[THE TASK]: Copy each line below as written, but skip the pictures.

[SOURCE DATA]:
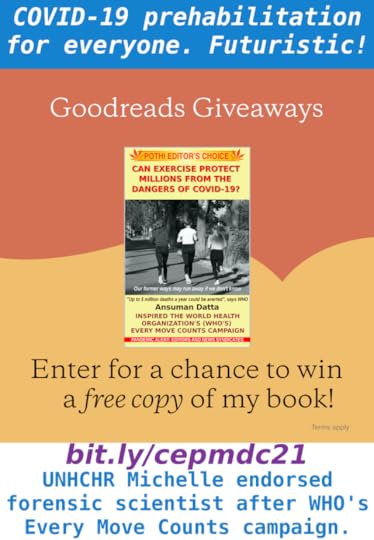LIVE NOW! UNHCHR Michelle endorsed me for COVID-19 following WHO's Every Move Counts campaign inspired by this eBook and relayed forward by the International Olympic Committee and Hadassah Women's Zionist Organization of America, inter alios. Your honest book reviews, suggestions or nominations will help others prehab for the pandemic. Please follow me to let your friends on Goodreads see the Giveaway in their feeds.
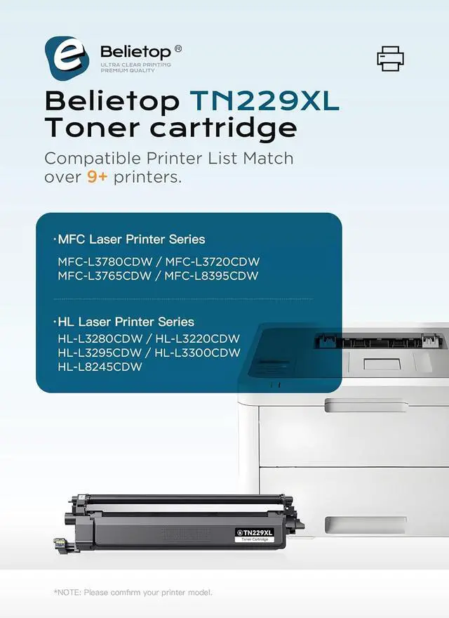 Guaranteed Perfect Match This TN229XL/TN-229 cartridge is manufactured to the exact specifications of original cartridges. It is designed to work seamlessly with a wide range of models, such as the MFC-L3780CDW, HL-L3280CDW, and HL-L3300CDW (see full list in product description).
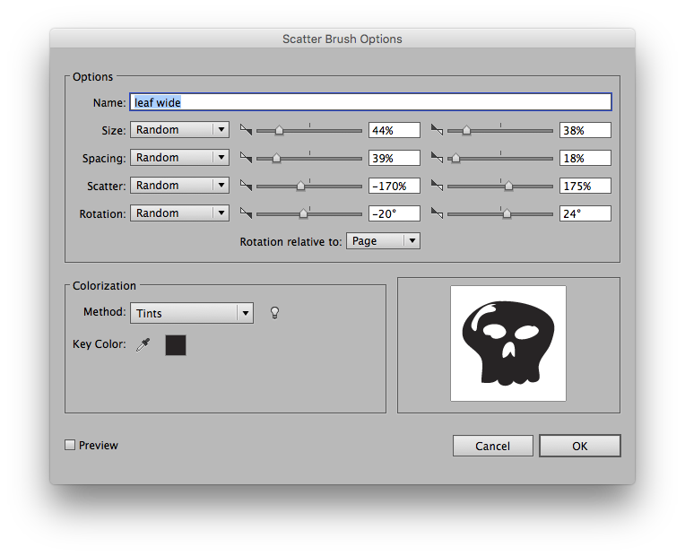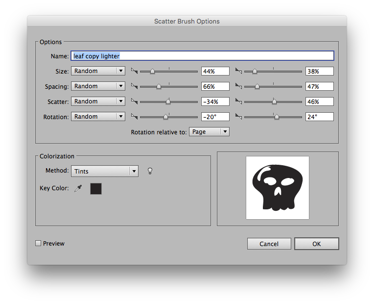 edit: here, have some brush settings. They’re all called “leaf” because I started with one of my standard toolkit brushes, a jaunty little rectangle scatter brush I use for abstracted leaves. I ended up replacing them with a skull made up of five paths (overall shape, each eye, nosehole, highlight) joined into a compound path. I made the others by just duplicating the first brush and changing the settings, mostly by either widening the scatter range to create a broader stroke, or by raising the spacing to make it lighter. You could easily make a few more if you wanted to take a stippled piece further than I did here. Things may start to get a little sluggish though. Use multiple layers, hide them and maybe make simple gradient proxies, consider writing up a feature request for something like Expression’s “freeze layer” function again. (Expression was a wonderful natural-media vector package that Illustrator is still trying to catch up to; one thing it could do was “freeze” a layer. Which was like locking it except it also rendered a moderately high-res bitmap, and used that for building the preview instead of rendering everything from scratch. It made working with complex drawings a lot faster.)
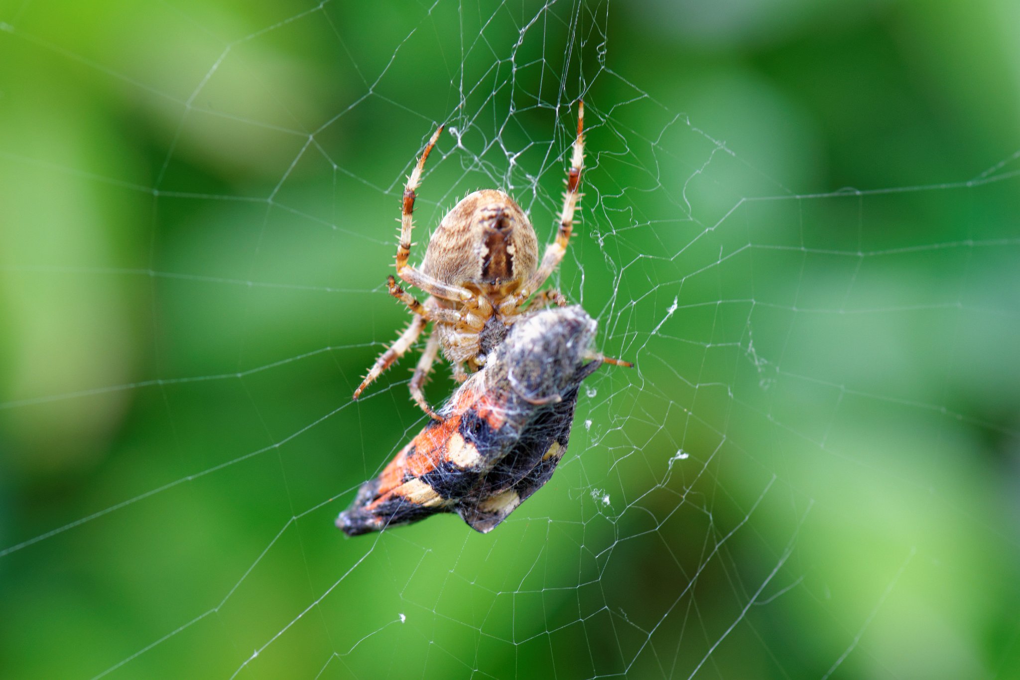 Garden or Cross Spider (Araneus diadematus) with moth snack - possibly Elephant Hawk Moth.

[SOLUTION TO THE PROBLEM]:
LIVE NOW! UNHCHR Michelle endorsed me for COVID-19 following WHO's Every Move Counts campaign inspired by this eBook and relayed forward by the International Olympic Committee and Hadassah Women's Zionist Organization of America, inter alios. Your honest book reviews, suggestions or nominations will help others prehab for the pandemic. Please follow me to let your friends on Goodreads see the Giveaway in their feeds.
 Guaranteed Perfect Match This TN229XL/TN-229 cartridge is manufactured to the exact specifications of original cartridges. It is designed to work seamlessly with a wide range of models, such as the MFC-L3780CDW, HL-L3280CDW, and HL-L3300CDW (see full list in product description).
 edit: here, have some brush settings. They’re all called “leaf” because I started with one of my standard toolkit brushes, a jaunty little rectangle scatter brush I use for abstracted leaves. I ended up replacing them with a skull made up of five paths (overall shape, each eye, nosehole, highlight) joined into a compound path. I made the others by just duplicating the first brush and changing the settings, mostly by either widening the scatter range to create a broader stroke, or by raising the spacing to make it lighter. You could easily make a few more if you wanted to take a stippled piece further than I did here. Things may start to get a little sluggish though. Use multiple layers, hide them and maybe make simple gradient proxies, consider writing up a feature request for something like Expression’s “freeze layer” function again. (Expression was a wonderful natural-media vector package that Illustrator is still trying to catch up to; one thing it could do was “freeze” a layer. Which was like locking it except it also rendered a moderately high-res bitmap, and used that for building the preview instead of rendering everything from scratch. It made working with complex drawings a lot faster.)
 Garden or Cross Spider (Araneus diadematus) with moth snack - possibly Elephant Hawk Moth.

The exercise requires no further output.